In Paris, it is common to see baguettes peeping from underneath peoples' arm. Women tend to cradle them like babies while Men hold them like clubs. The baguette, which means "wand" in French, is an integral part of French life. It is said that the Baguette owes its origin to Napoleonic campaigns. Napoleon knew the dangers of hunger which led rise to revolutions (Le Petit Francais,2014). After Napoleon seized power, he was determined not to make the same mistakes made by his predecessors. His government issued decrees that established standards for French bread, specifying ingredients and baking methods.  The French has even passed a law, Décret Pain, which has strict regulations regarding "French bread Tradition". According to the decree 93-1074, the French Baguette Tradition has to be made only from wheat flour, water, salt and yeast.

I decided on Eric Kayser, a chain bakery, as it was near the Musée D'Orsay.

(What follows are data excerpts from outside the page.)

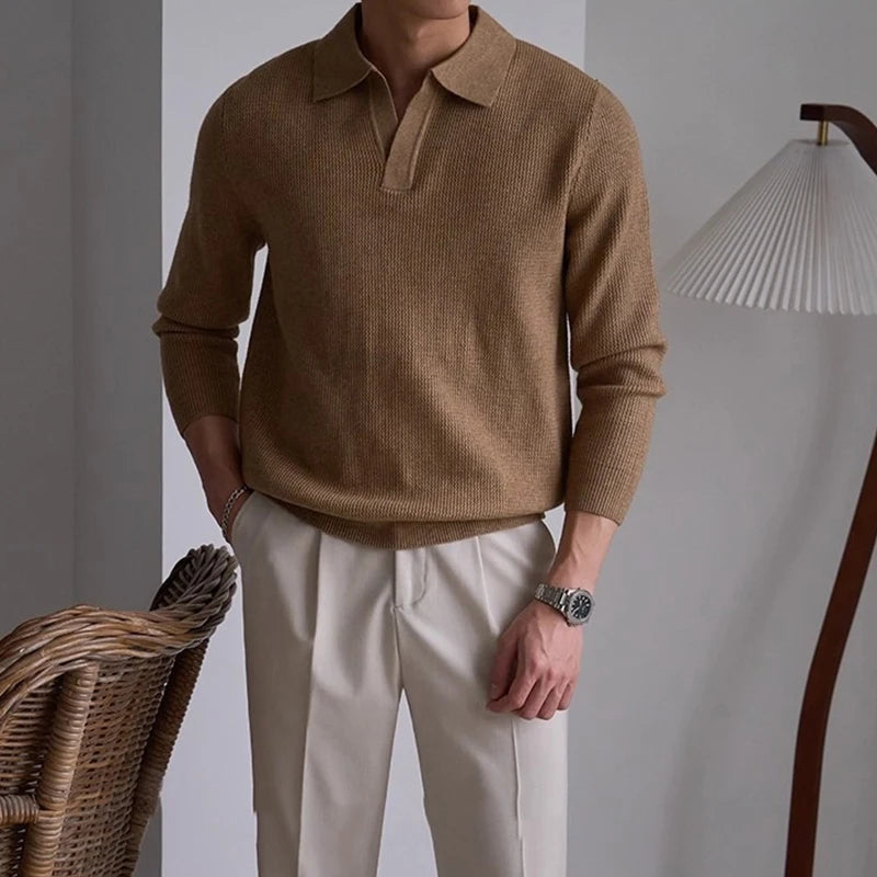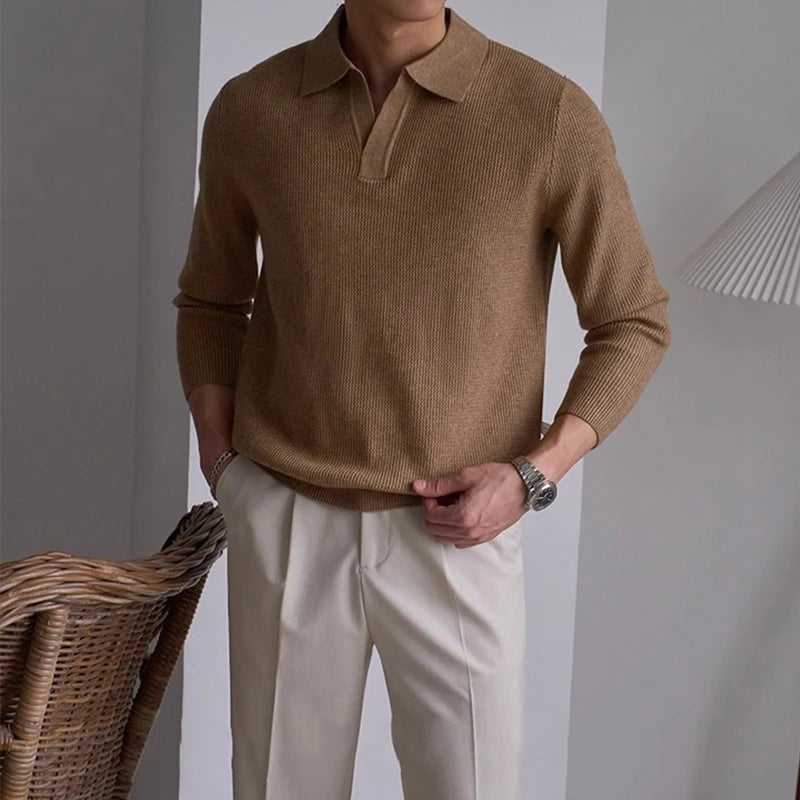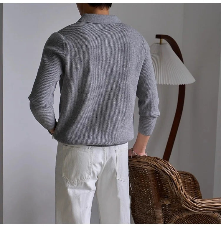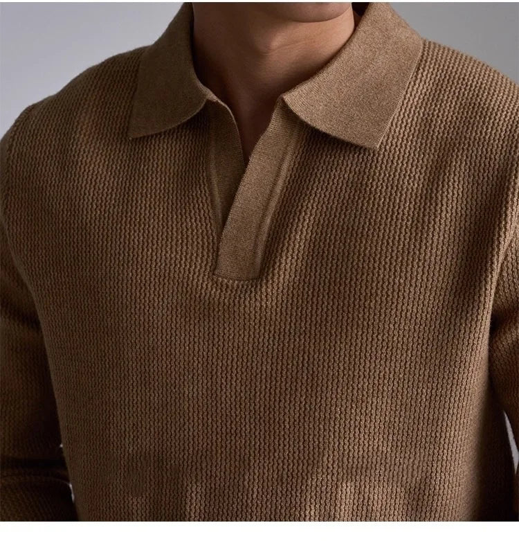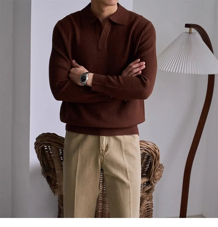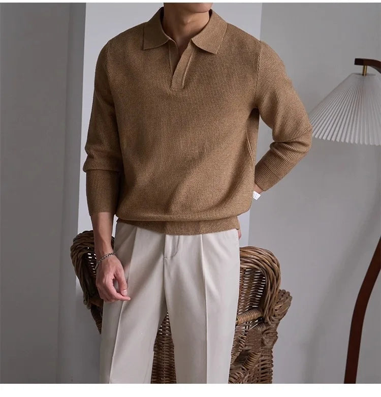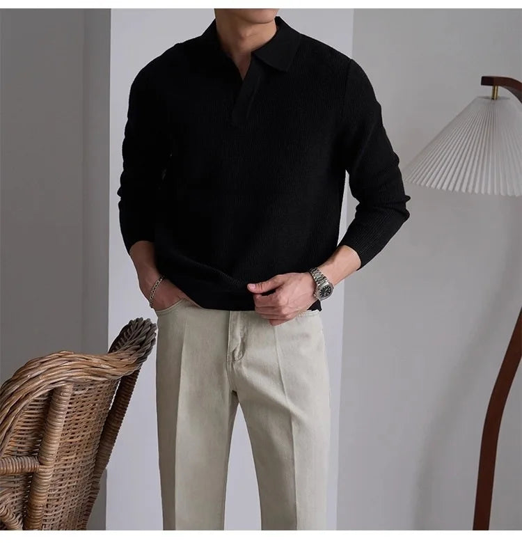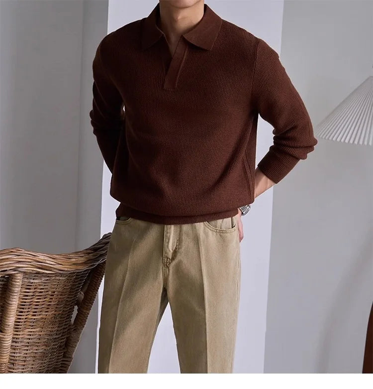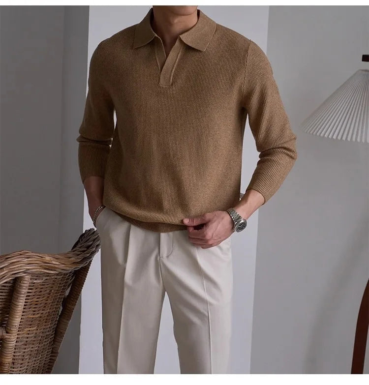 Men's American Retro Polo Sweater Luxury Trendy Business V Neck Knit Solid Color Pullover Leisure Slim-fit Long Sleeve Knitwear
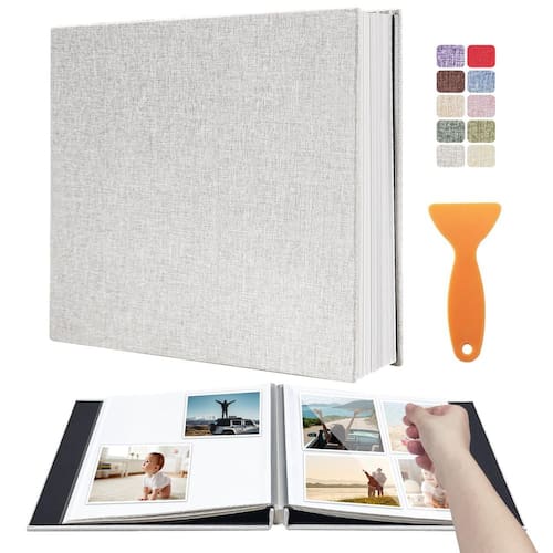 - [Páginas magnéticas autoadesivas para fácil uso]: sem necessidade de cola ou fita - basta destacar e colar suas fotos, mantém imagens padrão de 10 x 15 cm, 12 x 17 e 20 x 25 cm com segurança no lugar, inclui raspador de plástico para colocação sem bolhas
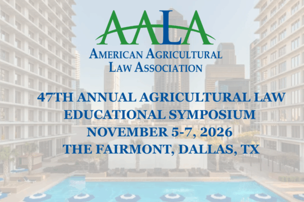 AALA will host its 47th Annual Agricultural Law Educational Symposium on November 5-7, 2026, at the Fairmont, Dallas, TX. Attendees will have the opportunity to receive up to 3 CLE credits on Wednesday and approximately 11-13 CLE credits Friday-Saturday.* Thank you to our generous sponsors, who provide invaluable support to AALA as we offer our […]

Time is precious to a traveller! When inside, you will be greeted by the warm smell of baking bread.

Each of us ordered the Degustation menu (10.00€/S$17.40) which comes with one hot drink, one cup of fresh orange juice, 3 small viennoiseries, half baguette, butter and marmalade. The Baguette had a great crusty exterior and extremely fluffy with large, irregular holes which formed from natural fermentation. MUST TRY.

Viennoiseries (French etymological sense: 'things of Vienna') are made from yeast leavened dough in a manner similar to bread, but with added ingredients to give them a richer, sweeter character. Some examples of Viennoiseries are the croissant, pain au chocolate and pain aux raisins. Having mini viennoiseries included in the Degustation menu allowed one to try more of Paris' iconic pastries! The croissant is amazing with a thin, crispy, flaky exterior and pure butter bread in it. MUST TRY.
Degustation Menu (10.00€/S$17.40)
Giant loafs of bread on display! They were as big as a pillow.
Interior of Eric Kayser
Exterior of Eric Kayser
Bread Science:
Why do bread have holes? The holes are formed during yeast fermentation. Yeast are colourless fungus creates energy for themselves by converting sugar to alcohol and carbon dioxide gas.  The carbon dioxide gas produced are held in fat pockets (gluten and starch) which makes the baked product rise. They eventually form the holes found in your bread. The reason why you do not taste the alcohol is because it would have evaporated off during the baking process.

What you need to know:
Are baguettes expensive?
No they aren't and they usually priced around 1€.

How do you know whether a Boulanger is good? 
1. Follow the "Grand Prix de la Baguette de Tradition Française de la Ville de Paris", which translate to the "Best Baguette in Paris" contest, is held annual to decide who will deliver their baguettes to the Elysée presidential palace every morning for a year. Baguettes have to be of the correct size (55-65cm), correct weight (250g - 300g), and does not contain more than 18 g of salt per kilo of flour. If the requiurements are not met, the baguettes will be rejected. However, the winners' stores maybe hard to reach.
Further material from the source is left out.